Solutions to the exercises of this homework 5 should, just as for
HW1-HW4, be written in an R-Markdown document with output:
github_document
. Both the R-Markdown document
(.Rmd-file) and the compiled Markdown document (.md
file), as well as any figures needed for properly rendering the Markdown
file on GitHub, should be uploaded to your Homework repository as part
of a HW5
folder. Code should be written clearly in a
consistent style, see in particular Hadley Wickham’s tidyverse style guide. As an
example, code should be easily readable and avoid unnecessary repetition
of variable names.
Open the project hw_data
and pull the most recent
changes. If this does not work, delete the folder and clone a new
version through an R project.
The file ../hw_data/LoofLofvenTweets.Rdata
contains tibbles Loof
and Lofven
of tweets
during the period from 2018-11-20 to 2018-11-30 mentioning “Lööf” and
“Löfven”, respectively. The data were fetched from the Twitter API using
the R package rtweet
,
which provides a convenient R access point to the twitter API. Load the
data using the R function load
.
Construct a tibble tweets
that joins the two tibbles
and contains a variable Person
identifying whether the
observation comes from the “Lööf” of “Löfven” table. Tweets common to
both tibbles should not be included in the join.

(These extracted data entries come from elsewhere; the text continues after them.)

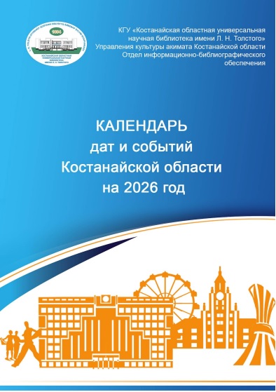 Отдел информационно-библиографического обеспечения Костанайской областной универсальной научной библиотеки им. Л. Н. Толстого выпустил 53-й выпуск «Календаря дат и событий Костанайской области на 2026 год». В пособие включена информация о важнейших исторических событиях и об известных юбилярах года, внѐсших большой вклад в развитие литературы, искусства, культуры, просвещения, науки, техники и экономики Костанайской области. Вы можете скачать календарь дат и событий Костанайской области на 2026 год и полностью с ним ознакомиться.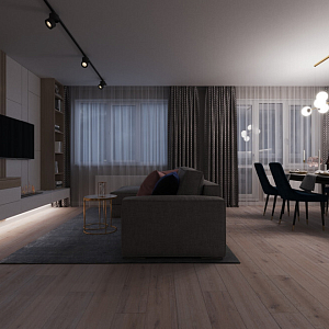 Интерьер столовой с подсветкой светодиодной в современном стиле, проект «Кухня-гостиная с акцентной фреской» №3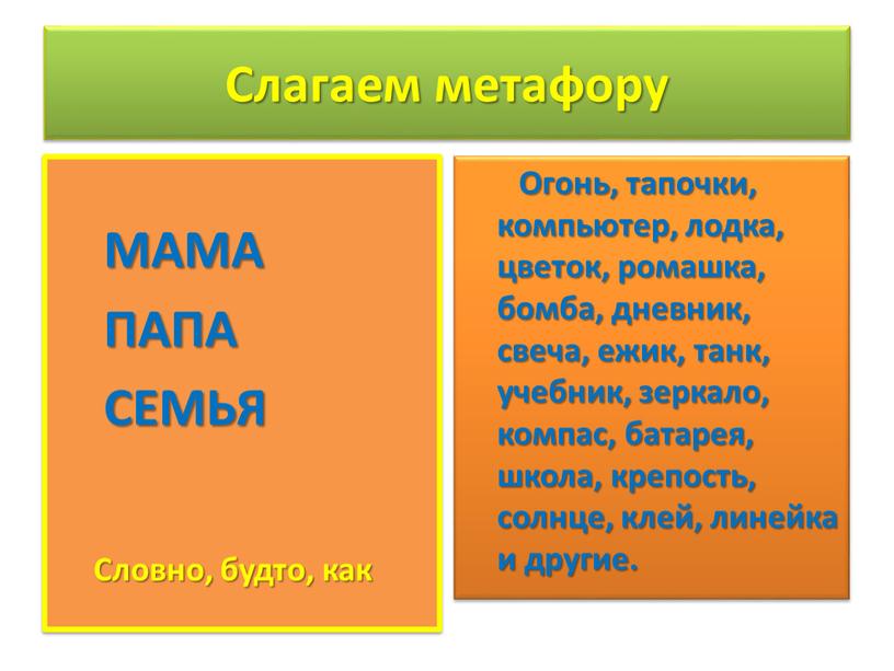 Длительный или устойчивые метафоры .: если предложение содержит группу метафор; состоит из основной (центральный образ устойчивой метафоры) и способствующий изображения (другие слова, относящиеся к центральному изображению)

Illustrate how the intensity of tweets containing the word “statsminister” (or “Statsminister”) has evolved in time for the Persons using, e.g., barplots with time on the x-axis.
Compute and plot the daily average sentiment of words in the
tweet texts for the two Persons. We define the average sentiment as the
average strength of words common to the text and the sentiment lexicon
at https://svn.spraakdata.gu.se/sb-arkiv/pub/lmf/sentimentlex/sentimentlex.csv.
Note that the function separate_rows
can be useful in
splitting the text into words.
The 2022 Nobel lectures take place on 5–10 December. The Nobel foundation even maintains an API to look up information about the Nobel Laureates. We are going to use version 2 of this API.
Fetch a list in JSON format with information on the Nobel prizes in Literature from the Nobel Prize API version 2. Choose a range of years to fetch data for. The API follows the OpenAPI standard and the documentation can be found here. A large part of this question is to figure out how to read and work with the OpenAPI documentation.
Extract all the prize motivations from the JSON-list, convert
into a character vector of words, remove stop words and visualize the
frequencies of remaining words in a word-cloud. R-packages for plotting
word clouds include e.g. wordcloud
, wordcloud2
and ggwordcloud
and a list of stop words can be fetched
by
stop_words_url <- "https://raw.githubusercontent.com/stopwords-iso/stopwords-en/master/stopwords-en.txt"
stopwords <- read_table(stop_words_url, col_names = "words")